Na conferência de imprensa, desta manhã, o mesmo responsável disse ainda esperar que não haja mais erros nas obras que decorrem na Praça de Espanha, as quais foram apontadas como a causa do desabamento.

Devido à interrupção de um troço da Linha Azul, a manhã tem sido marcada por alguma confusão com autocarros cheios e passageiros a tentarem encontrar alternativa.

Em comunicado, a Carris informou que "no seguimento da interrupção de circulação do Metropolitano de Lisboa, no troço Marquês de Pombal - Laranjeiras da Linha Azul", a empresa reforçou as carreiras 746 e 726.

Na altura do acidente, cerca das 14h30, estavam cerca de 300 pessoas na composição que passava no local.

Tal como tinha sido já referido na terça-feira, o presidente do conselho de administração do Metro disse que se tratou de um incidente de obra e que já foi levantado um inquérito para apurar as causas do desabamento.

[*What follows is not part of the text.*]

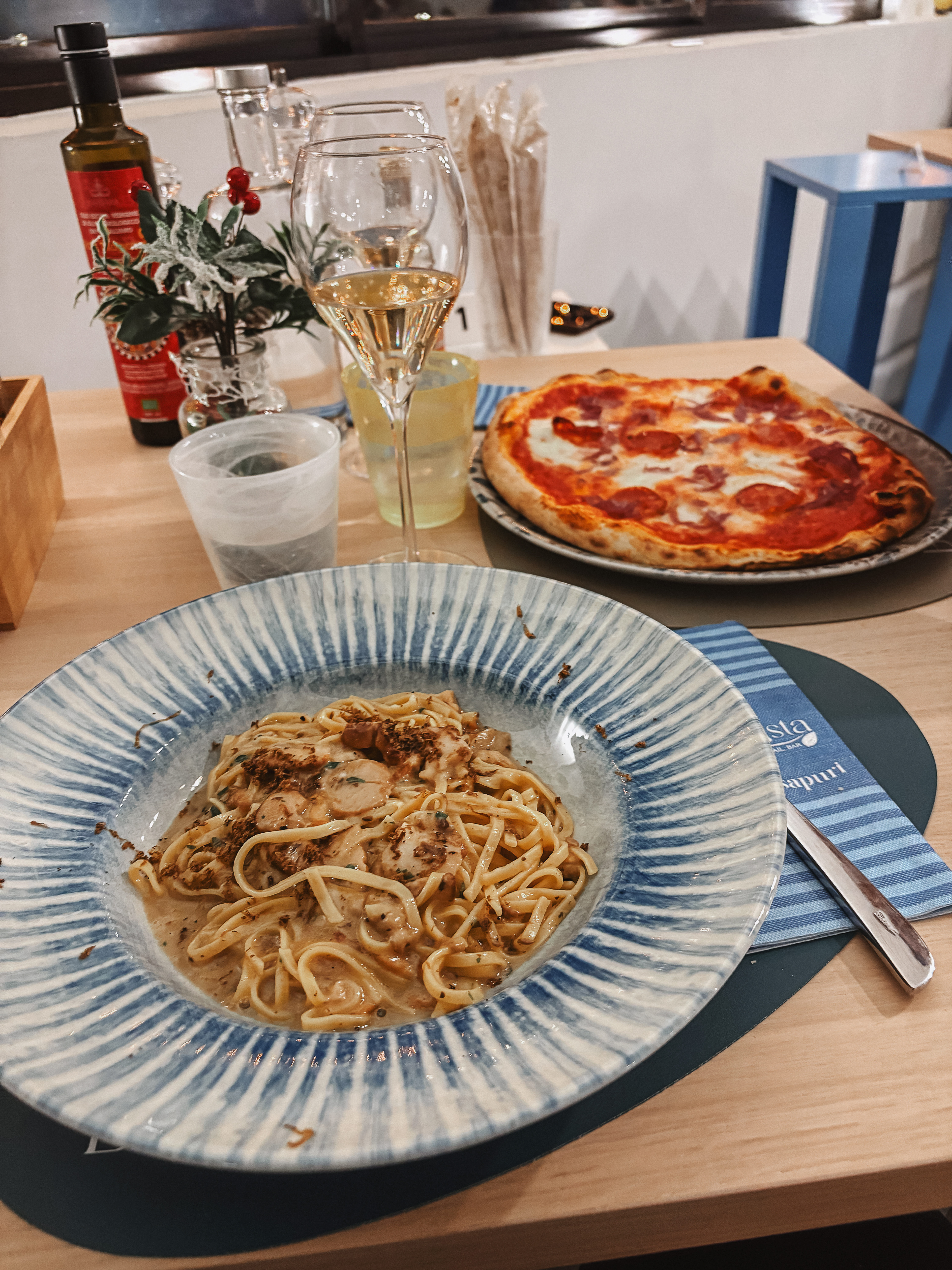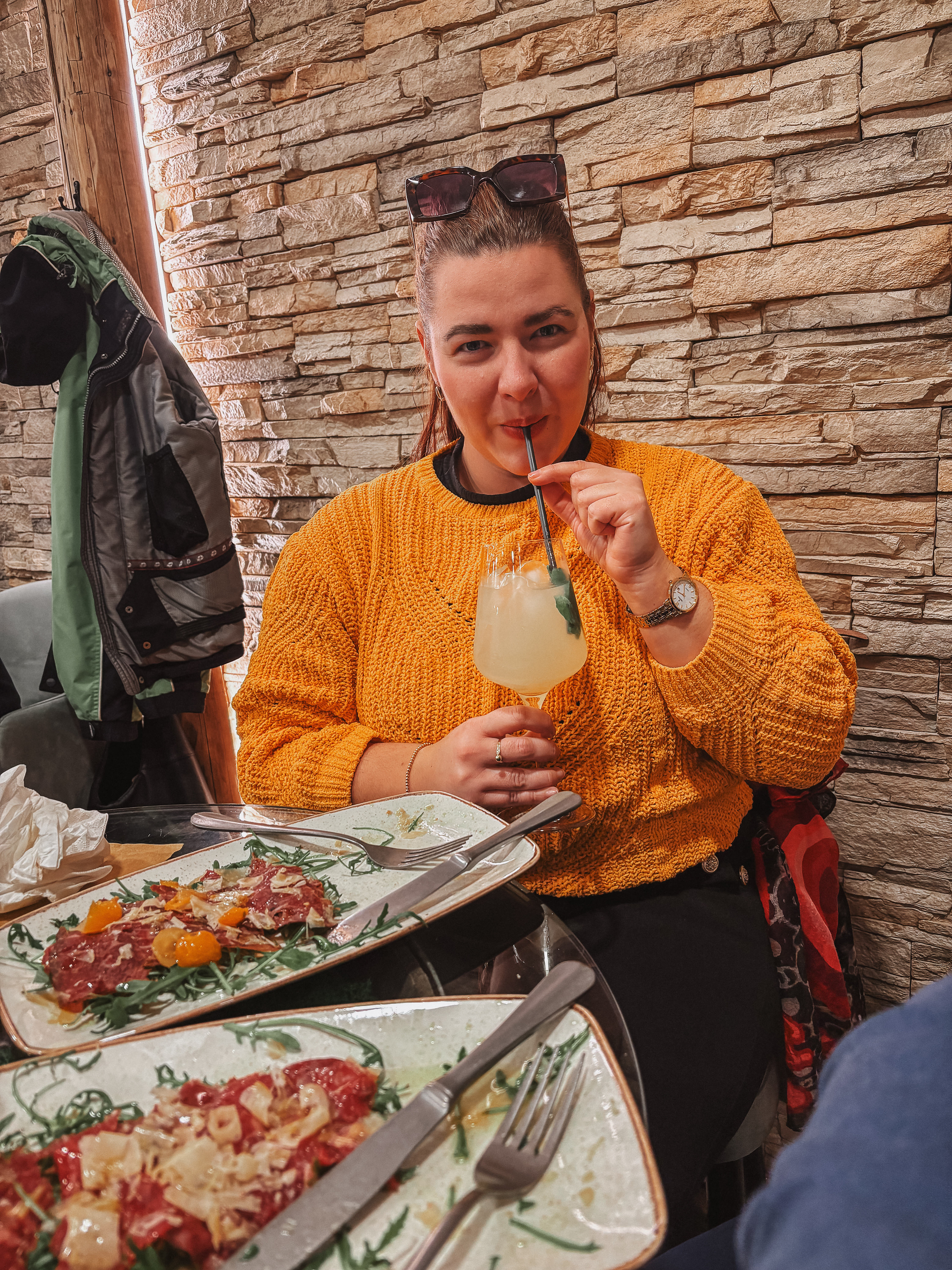 Po příjezdu do Rivy to bylo trochu komplikovanější s naleznutím parkoviště, ale nějak se nám to nakonec povedlo, bohužel za cenu pokuty 😁 Tohle město působilo velice autenticky - bylo plné Italů, kteří se v sobotu dopoledne potkávali na vánočních trzích se skleničkou vína v ruce, nikdo nikam nespěchal a v kombinaci s výhledem na jezero a hory to nemělo chybu. Po procházce jsme si sedli na břeh v parku u jezera a prostě jen tak byli. S gastro zážitkem nám pomohli Google recenze a vinotéka (bistro) Antica Cantina s hodnocením 4,9 hvězdiček, kde jsme ochutnali několik druhů carpaccia a Limone Spritz (Limoncello s prossecem), což Marci trošku přiopilo už v době oběda.

“Acontece. A primeira coisa é tratar das pessoas - felizmente tivemos apenas quatro pessoas com ferimentos ligeiros - e depois é tratar da solução”, disse.

Na terça-feira, no local do desabamento, o vereador com o pelouro da Proteção Civil, Carlos Castro, indicou que se tratou de "um incidente decorrente da obra" de requalificação que está em curso na Praça de Espanha, adjudicada pelo município.